I lead and manage the Google Assistant on Speakers team.

Updated on July 02, 2020

Comments

  • gruszczy
    gruszczy almost 4 years

    I am trying to retrieve date from an email. At first it's easy:

    message = email.parser.Parser().parse(file)
    date = message['Date']
    print date
    

    and I receive:

    'Mon, 16 Nov 2009 13:32:02 +0100'
    

    But I need a nice datetime object, so I use:

    datetime.strptime('Mon, 16 Nov 2009 13:32:02 +0100', '%a, %d %b %Y %H:%M:%S %Z')
    

    which raises ValueError, since %Z isn't format for +0100. But I can't find proper format for timezone in the documentation, there is only this %Z for zone. Can someone help me on that?

  • gruszczy
    gruszczy over 14 years
    Yeah, I've seen it, but it's deprecated.
  • gruszczy
    gruszczy over 14 years
    Yep, those functions seems to have been moved to utils and email is fine to use. Thanks.
  • Eric Pruitt
    Eric Pruitt over 12 years
    That won't yield an accurate value. time.mktime assumes a local time tuple, and the parsedate function does not take into account the time zone:time.mktime(email.utils.parsedate('Mon, 16 Nov 2009 13:32:02 +0900')) == time.mktime(email.utils.parsedate('Mon, 16 Nov 2009 13:32:02 +0100')) returns True.
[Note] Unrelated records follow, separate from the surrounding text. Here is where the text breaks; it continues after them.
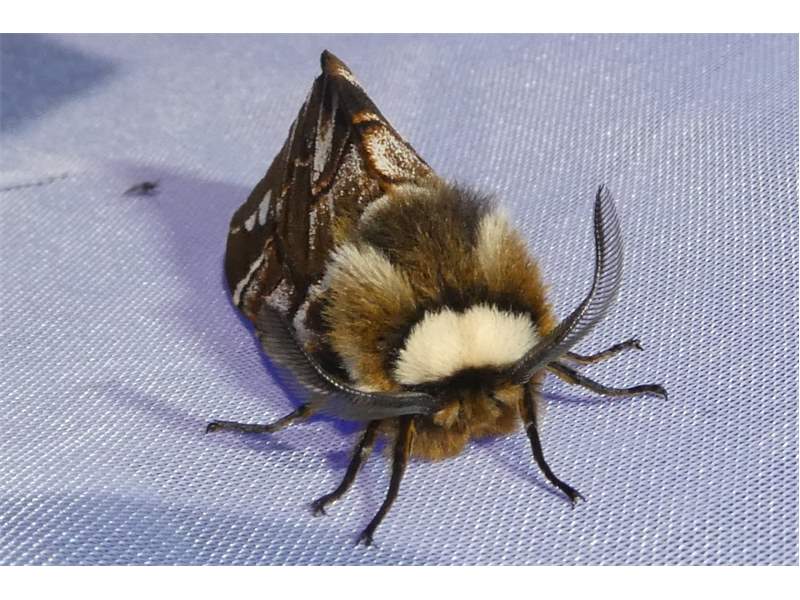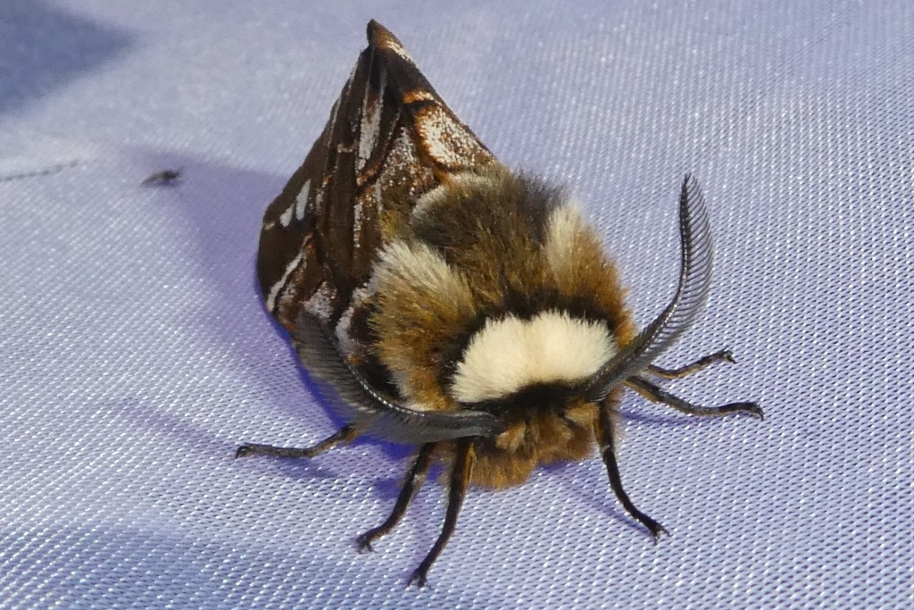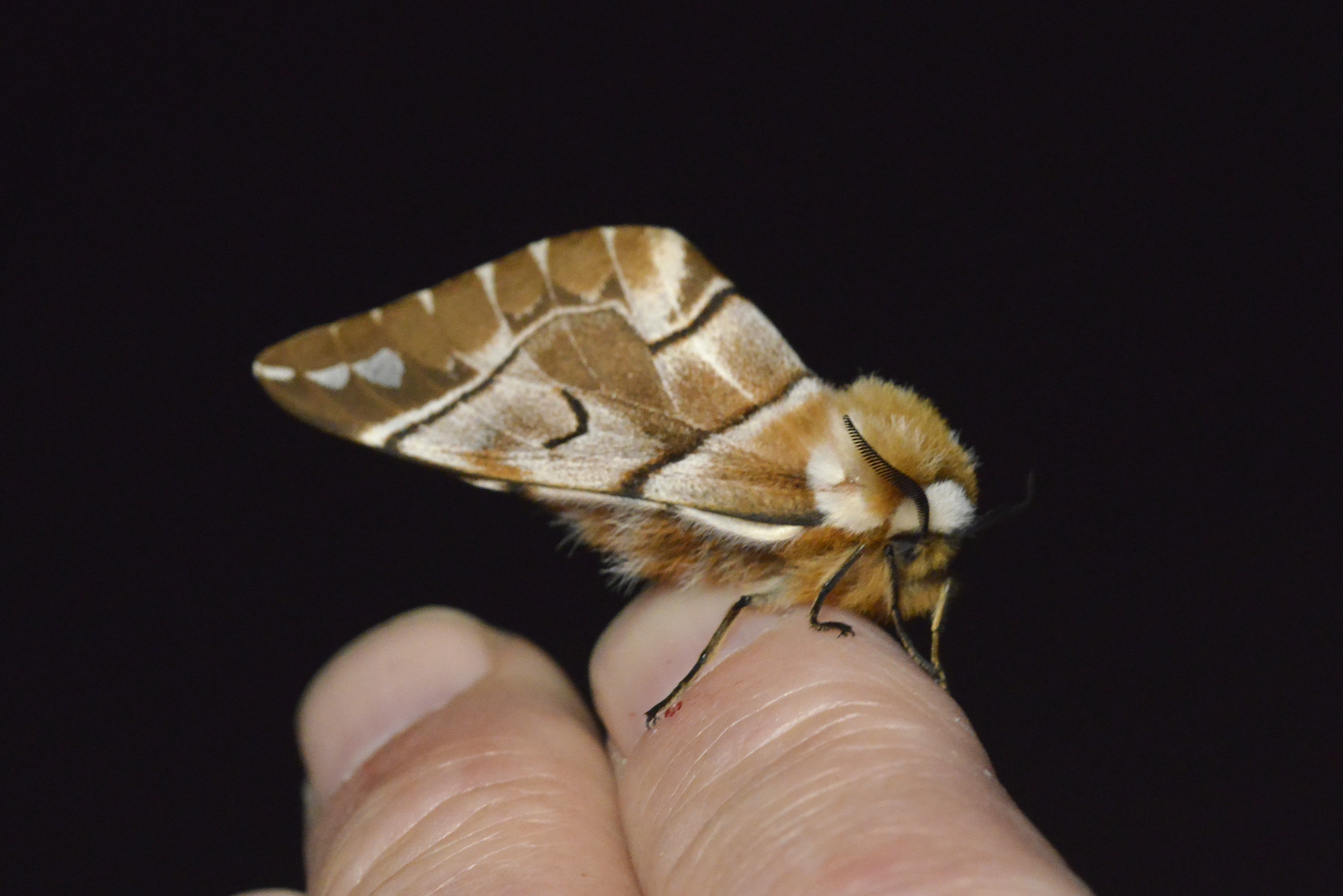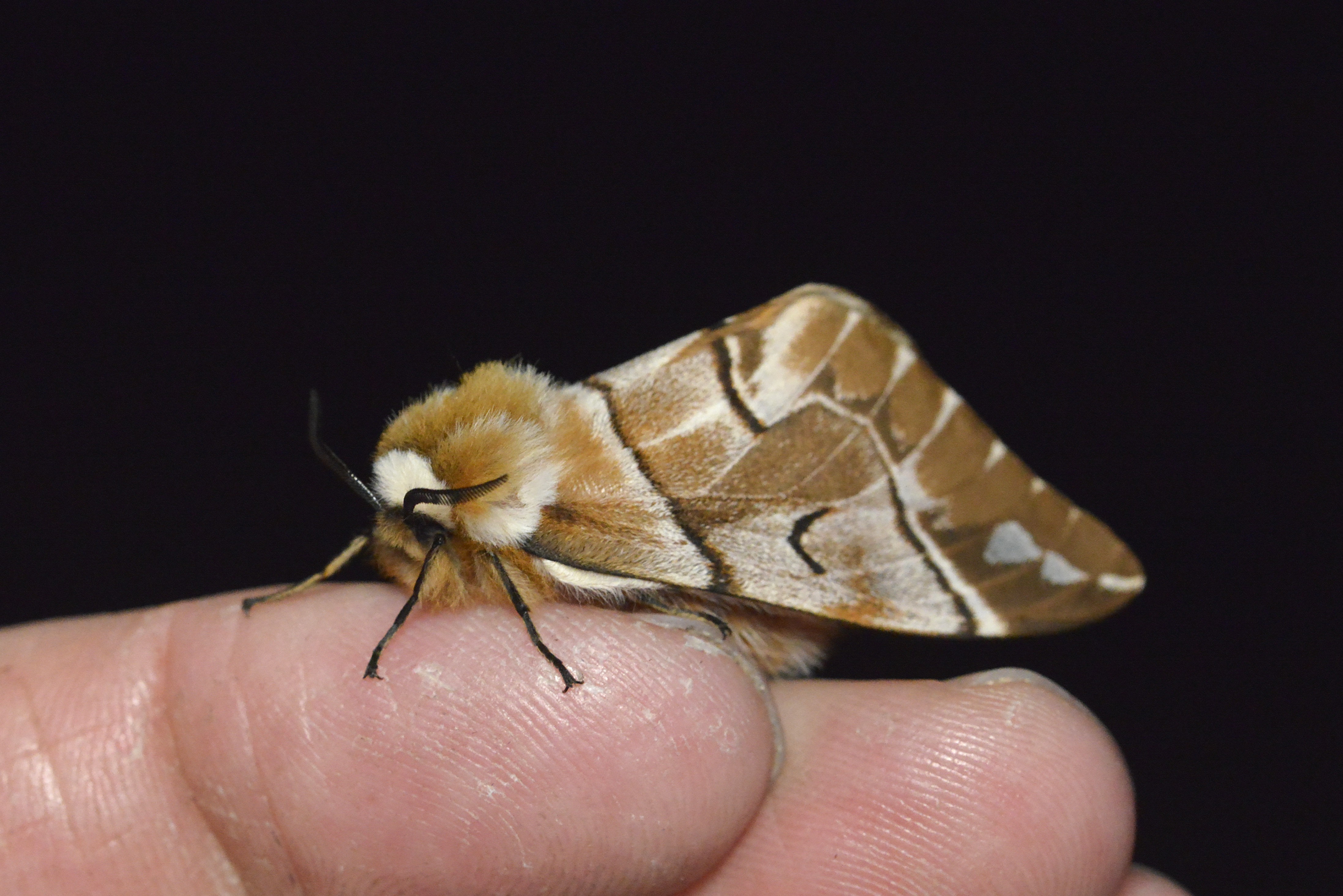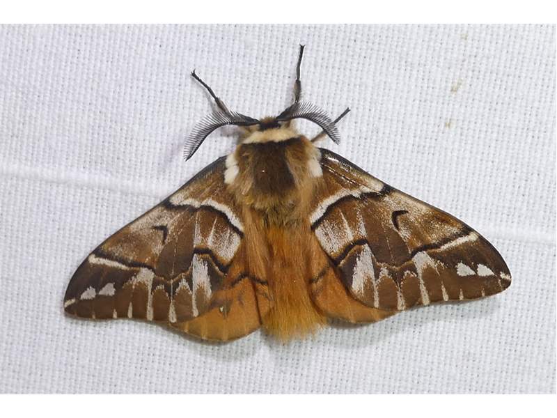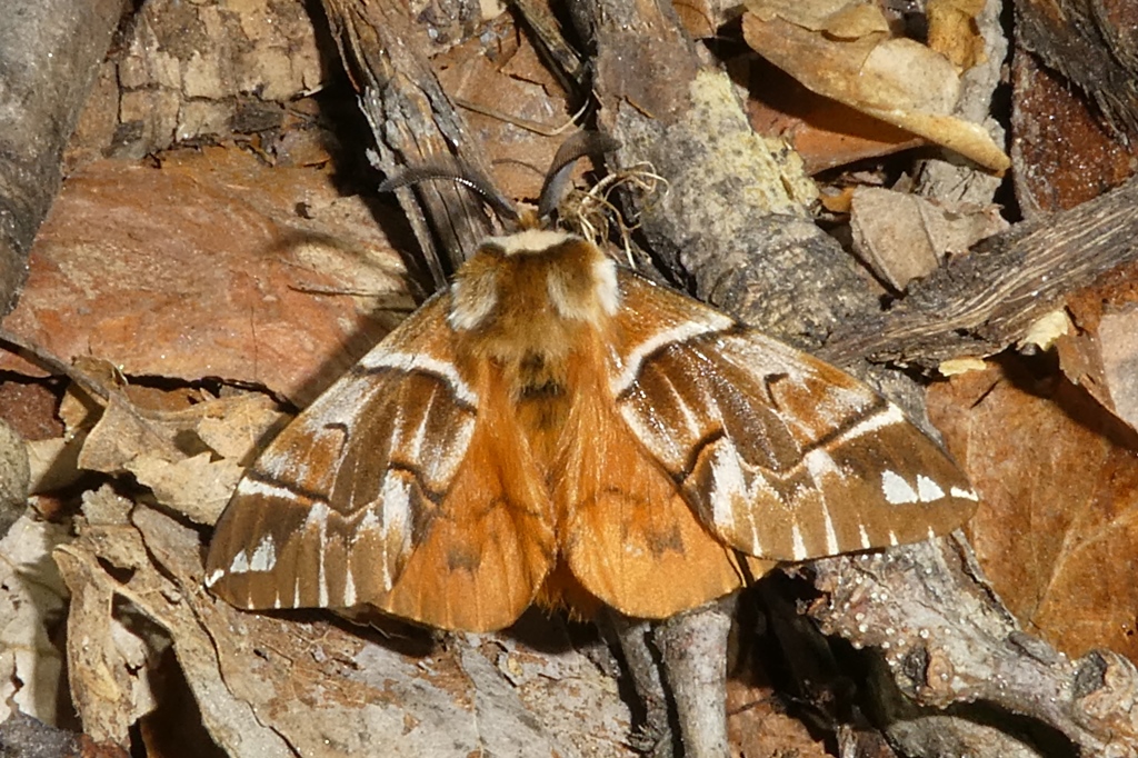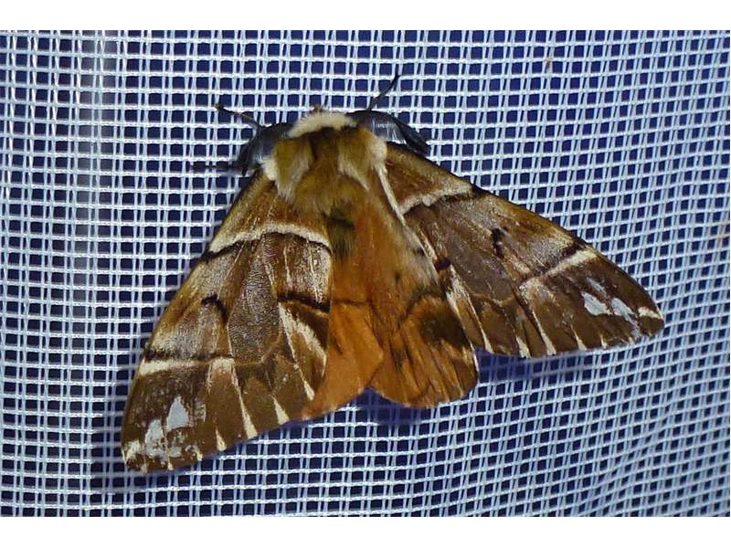 Scheckflügel (Endromis versicolora (Linnaeus, 1758)) Grumbach/Erzgebirge, 02.04.2017 am Licht (ein Weibchen)
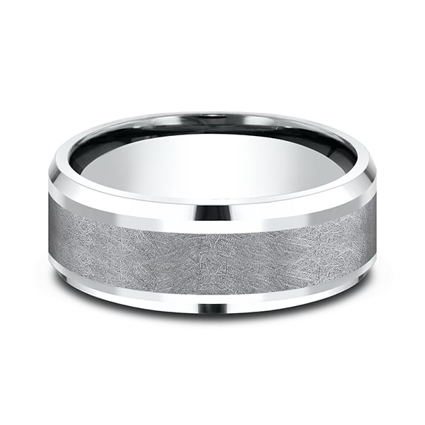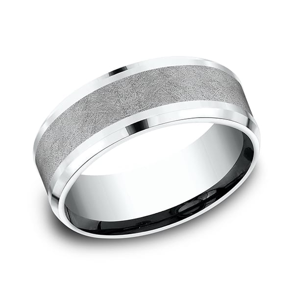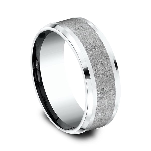 A swirl finish tantalum inlay is the highlight of this white gold 8mm comfort-fit design wedding band. Ammara Stone wedding bands are contemporary wedding rings fusing traditional precious metals with exciting new alternative metals like black titanium and tantalum. Responsibly made in the USA, you can feel good about choosing one of our Ammara Stone wedding bands as a symbol of your commitment.
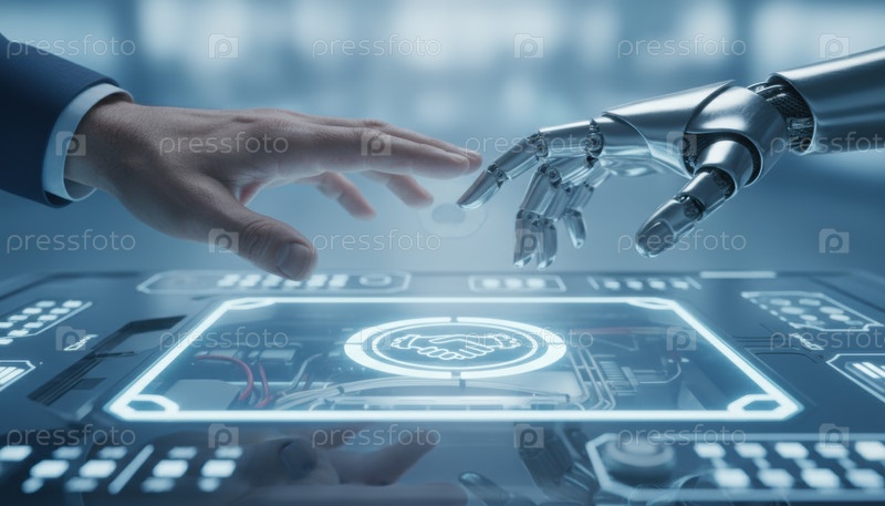 Человеческая рука стремится к роботизированной руке через футуристический интерфейс, иллюстрирующий сотрудничество между людьми, инновационный саммит и будущее работы

Tagging @gruszczy in case he's relying on this method.
  • SamB
    SamB over 12 years
    This function is now known as email.utils.parsedate_tz(), FWIW.
  • jfs
    jfs about 10 years
    mktime + timezone may produce wrong values for past dates or if the timezone has DST transitions: time.timezone != time.altzone. Use tt = parsedate_tz(date_str); timestamp = calendar.timegm(tt) - tt[9] instead.
  • jfs
    jfs about 10 years
    mktime_tz may fail on Python before 2.7.4 if the local timezone had different UTC offset at date_tuple. Use calendar.timegm() directly in this case.
  • jfs
    jfs over 9 years
    it does not answer the question. You use different time format. Note: the time format in the question is defined in rfc 5322 (and its predessors) -- it can be parsed using email.utils.parsedate_tz on Python 2.7. Your format looks like rfc 3339. Both can be parsed using dateutil.parser.parse() on Python 2. See Convert timestamps with offset to datetime obj using strptime
  • dnozay
    dnozay over 9 years
    @J.F.Sebastian, had you not deleted my answer on one of the duplicate question, I would not have posted my answer here. My problem was strptime does not handle %z format, I believe this is the same problem.
  • jfs
    jfs over 9 years
    I can't delete someone's else answer by myself. Could you link to the corresponding question?
  • mgilbert
    mgilbert over 5 years
    In more recent versions of python you can also use email.utils.parsedate_to_datetime
  • jtbr
    jtbr over 5 years
    This returns a naive datetime in UTC. To make it aware, you could provide a time zone as the second parameter to fromtimestamp. In python 3, that's easy: datetime.timezone.utc. In python 2.7, you'd need to implement a UTC tzinfo class and provide that.
  • klapshin
    klapshin over 5 years
    In python 3.7 parsedate_tz have not counted tz shift in datetime '2019-03-14 20:43:56 +0300' and just returned a naive '2019-03-14 20:43:56'. Although email.utils.parsedate_to_datetime from @jfs answer solved the problem and returned tz-aware object.